------ AVAILABLE DATA ------
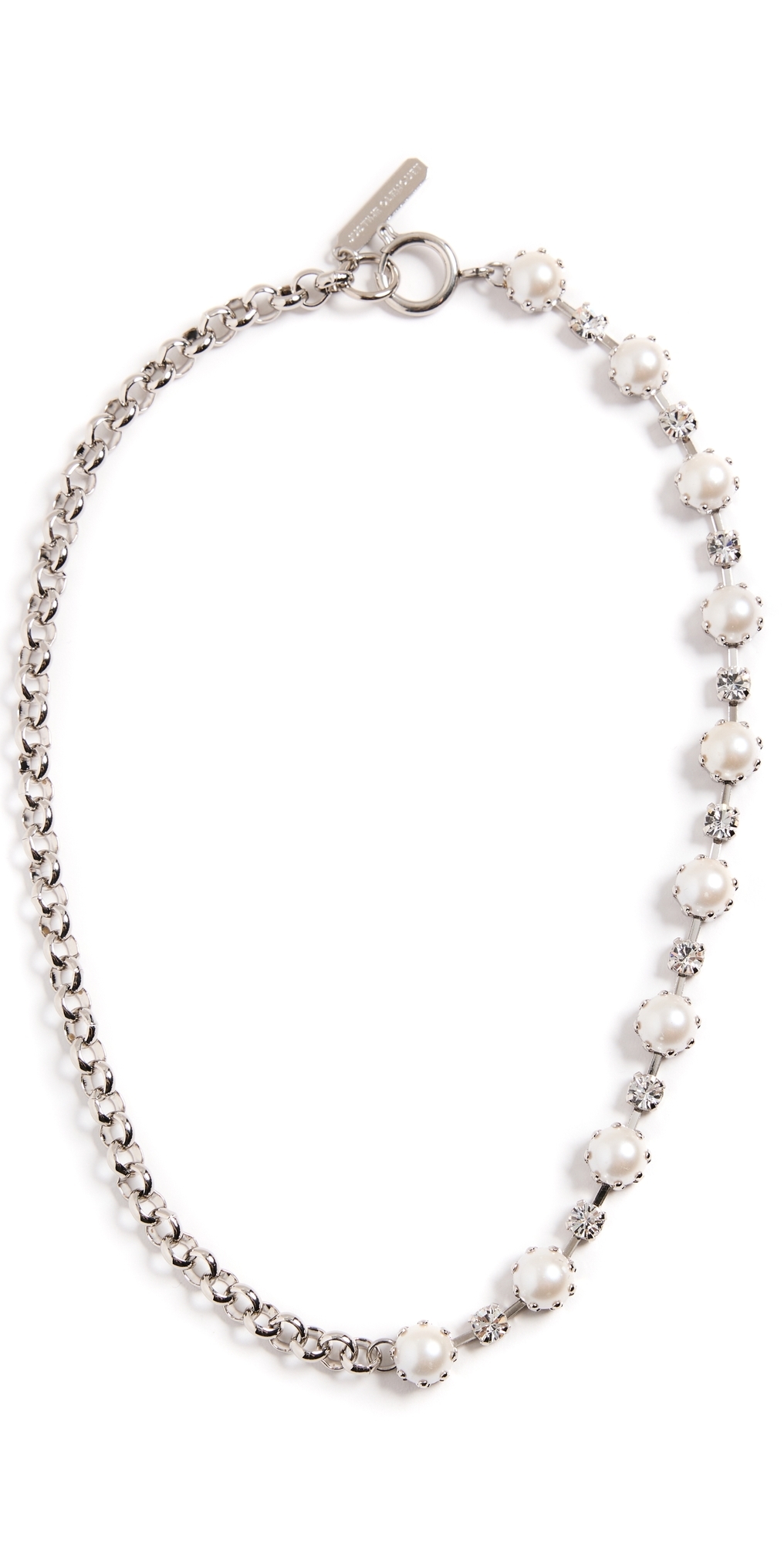 Imitation pearls and crystal accents. Brass. Ring clasp. Made in France. Measurements: Length: 15.75in / 40.0cm
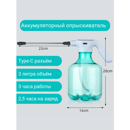 Подходит для полива огородов, садов, распыления пестицидов, дезинфекции помещений, а также для мойки автомобилей и окон. Многофункциональный прибор, необходимый в каждом доме. Эргономичная ручка с встроенным аккумулятором на 2400 мАч и 3,7 В, медный мотор. Долговечный и стабильный, может работать до 120 минут при активном поливе.
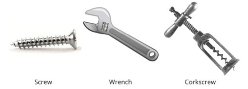 The screw is an inclined plane wrapped around a cylinder. It holds things together or lifts objects. As the screw is turned around by a tool such as a screwdriver, it separates the wood or metal from the surface to which they are attached. Nuts and bolts, drill bits, jackscrews, wrenches, and corkscrews are examples of screws.
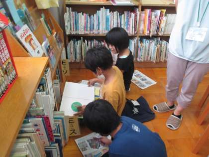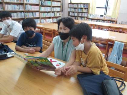 今日の読み聞かせは、「カブトムシ」。自分の経験と合わせて聞くことができました。その後は本探しゲーム。ラベルをみてお題の本を探し出しました。図書室の読みものの本は作者の名前順に並んでいることが分かりましたね。
------
## REQUIRED WORK
Exact copies of the lines from the one containing "Подходит для полива" through the final line of the data are required; pictures are to be omitted.

## EXPECTED OUTPUT
 Подходит для полива огородов, садов, распыления пестицидов, дезинфекции помещений, а также для мойки автомобилей и окон. Многофункциональный прибор, необходимый в каждом доме. Эргономичная ручка с встроенным аккумулятором на 2400 мАч и 3,7 В, медный мотор. Долговечный и стабильный, может работать до 120 минут при активном поливе.
 The screw is an inclined plane wrapped around a cylinder. It holds things together or lifts objects. As the screw is turned around by a tool such as a screwdriver, it separates the wood or metal from the surface to which they are attached. Nuts and bolts, drill bits, jackscrews, wrenches, and corkscrews are examples of screws.
 今日の読み聞かせは、「カブトムシ」。自分の経験と合わせて聞くことができました。その後は本探しゲーム。ラベルをみてお題の本を探し出しました。図書室の読みものの本は作者の名前順に並んでいることが分かりましたね。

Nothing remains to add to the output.